_TASK INSTRUCTIONS:_ Leave out the images and transcribe the entries below word for word.

_Records excerpted from a collection:_
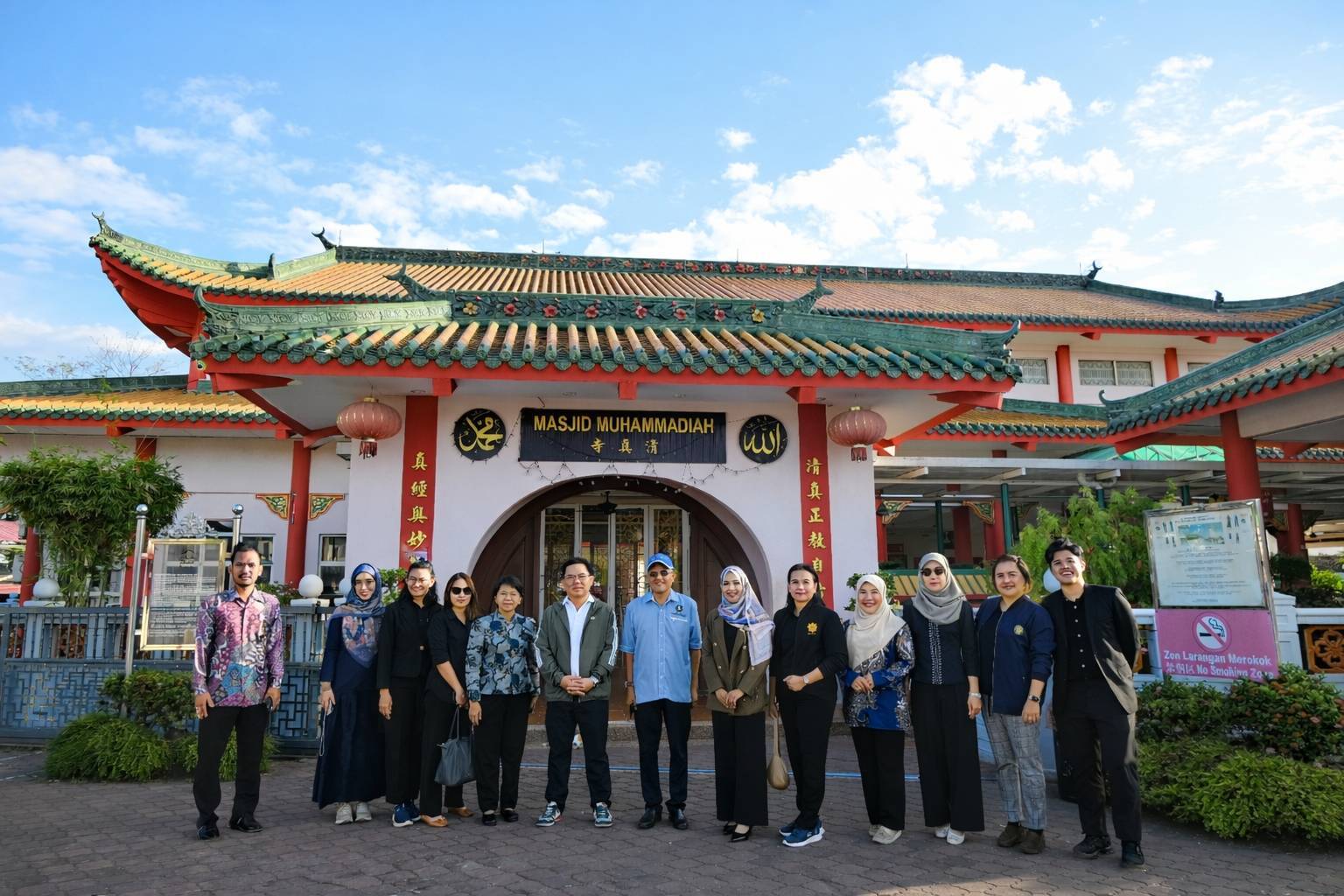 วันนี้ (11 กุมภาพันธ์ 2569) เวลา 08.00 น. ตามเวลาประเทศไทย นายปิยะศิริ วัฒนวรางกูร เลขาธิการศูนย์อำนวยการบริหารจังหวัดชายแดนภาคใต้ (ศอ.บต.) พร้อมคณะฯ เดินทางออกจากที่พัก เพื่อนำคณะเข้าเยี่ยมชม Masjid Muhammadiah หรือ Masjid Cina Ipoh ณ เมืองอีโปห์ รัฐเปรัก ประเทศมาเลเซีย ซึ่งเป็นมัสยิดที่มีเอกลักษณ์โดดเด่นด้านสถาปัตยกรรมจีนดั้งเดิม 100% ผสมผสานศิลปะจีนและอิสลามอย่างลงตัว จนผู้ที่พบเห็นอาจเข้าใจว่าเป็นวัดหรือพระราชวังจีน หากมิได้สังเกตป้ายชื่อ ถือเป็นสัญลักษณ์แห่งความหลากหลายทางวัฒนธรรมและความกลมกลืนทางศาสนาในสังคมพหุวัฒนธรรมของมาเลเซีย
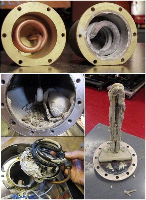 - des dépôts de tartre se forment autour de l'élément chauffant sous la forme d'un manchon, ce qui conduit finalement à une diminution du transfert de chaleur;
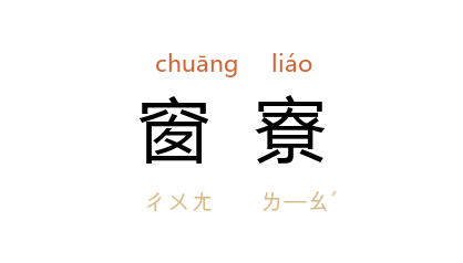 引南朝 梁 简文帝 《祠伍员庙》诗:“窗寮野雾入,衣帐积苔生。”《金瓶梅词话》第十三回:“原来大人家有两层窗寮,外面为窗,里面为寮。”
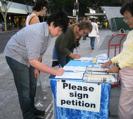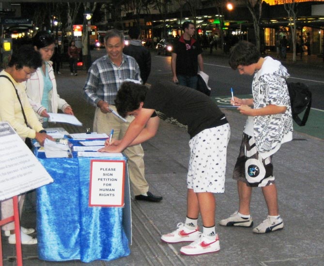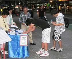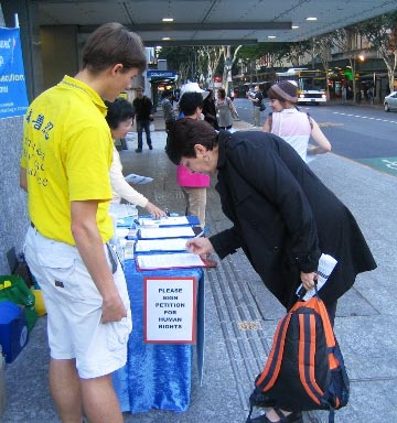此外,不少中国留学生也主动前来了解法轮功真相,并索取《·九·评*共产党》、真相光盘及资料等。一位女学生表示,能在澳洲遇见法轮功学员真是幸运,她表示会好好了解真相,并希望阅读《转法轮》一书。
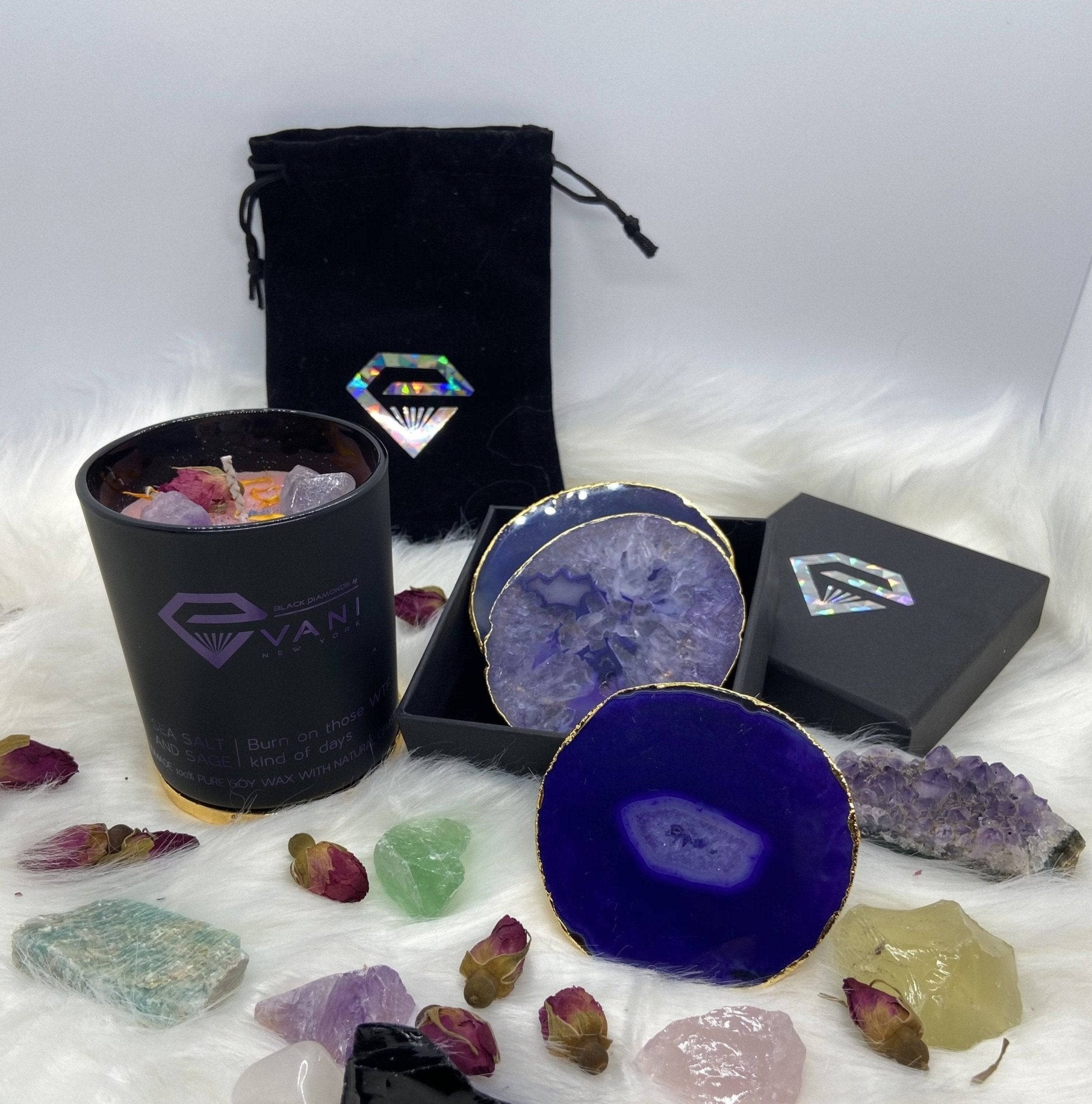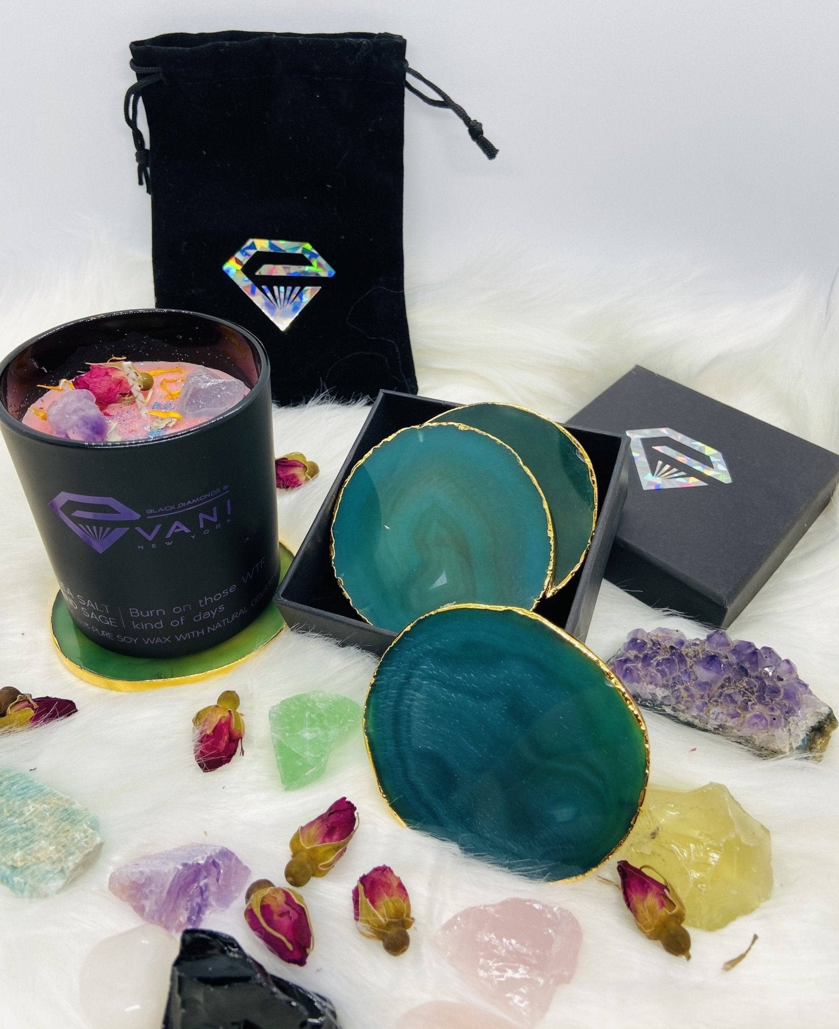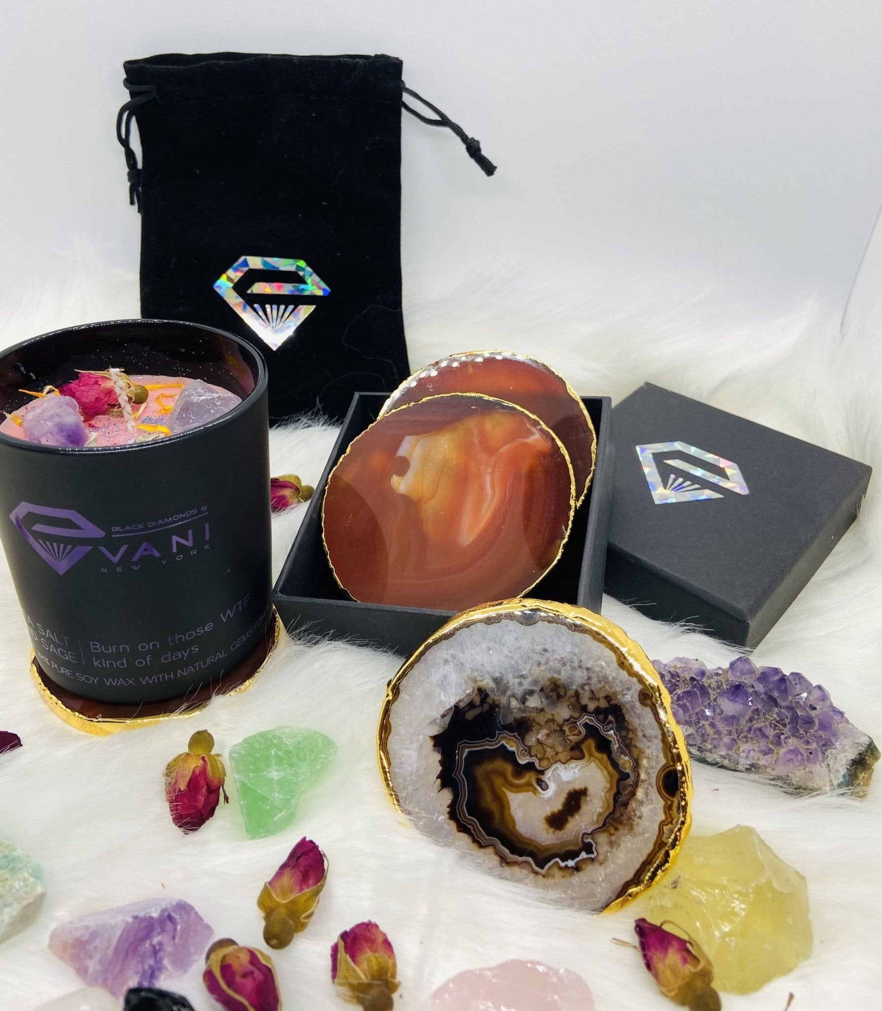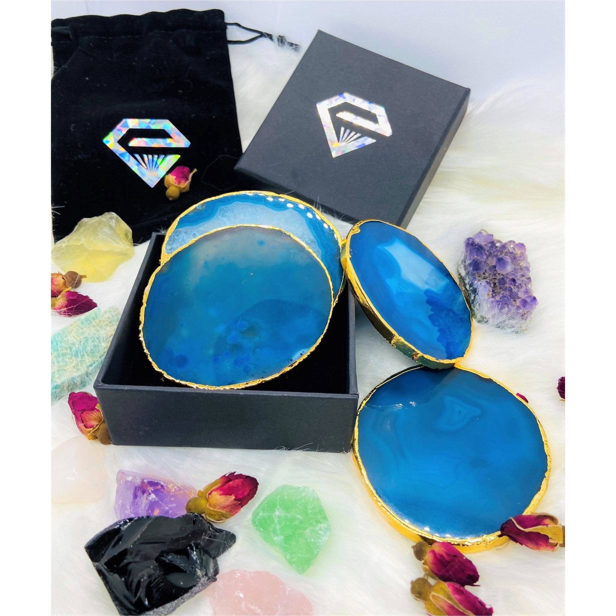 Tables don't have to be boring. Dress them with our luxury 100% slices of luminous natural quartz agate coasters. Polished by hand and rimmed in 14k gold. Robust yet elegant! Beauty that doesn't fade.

_TASK RESULT:_
 วันนี้ (11 กุมภาพันธ์ 2569) เวลา 08.00 น. ตามเวลาประเทศไทย นายปิยะศิริ วัฒนวรางกูร เลขาธิการศูนย์อำนวยการบริหารจังหวัดชายแดนภาคใต้ (ศอ.บต.) พร้อมคณะฯ เดินทางออกจากที่พัก เพื่อนำคณะเข้าเยี่ยมชม Masjid Muhammadiah หรือ Masjid Cina Ipoh ณ เมืองอีโปห์ รัฐเปรัก ประเทศมาเลเซีย ซึ่งเป็นมัสยิดที่มีเอกลักษณ์โดดเด่นด้านสถาปัตยกรรมจีนดั้งเดิม 100% ผสมผสานศิลปะจีนและอิสลามอย่างลงตัว จนผู้ที่พบเห็นอาจเข้าใจว่าเป็นวัดหรือพระราชวังจีน หากมิได้สังเกตป้ายชื่อ ถือเป็นสัญลักษณ์แห่งความหลากหลายทางวัฒนธรรมและความกลมกลืนทางศาสนาในสังคมพหุวัฒนธรรมของมาเลเซีย
 - des dépôts de tartre se forment autour de l'élément chauffant sous la forme d'un manchon, ce qui conduit finalement à une diminution du transfert de chaleur;
 引南朝 梁 简文帝 《祠伍员庙》诗:“窗寮野雾入,衣帐积苔生。”《金瓶梅词话》第十三回:“原来大人家有两层窗寮,外面为窗,里面为寮。”
此外,不少中国留学生也主动前来了解法轮功真相,并索取《·九·评*共产党》、真相光盘及资料等。一位女学生表示,能在澳洲遇见法轮功学员真是幸运,她表示会好好了解真相,并希望阅读《转法轮》一书。
 Tables don't have to be boring. Dress them with our luxury 100% slices of luminous natural quartz agate coasters. Polished by hand and rimmed in 14k gold. Robust yet elegant! Beauty that doesn't fade.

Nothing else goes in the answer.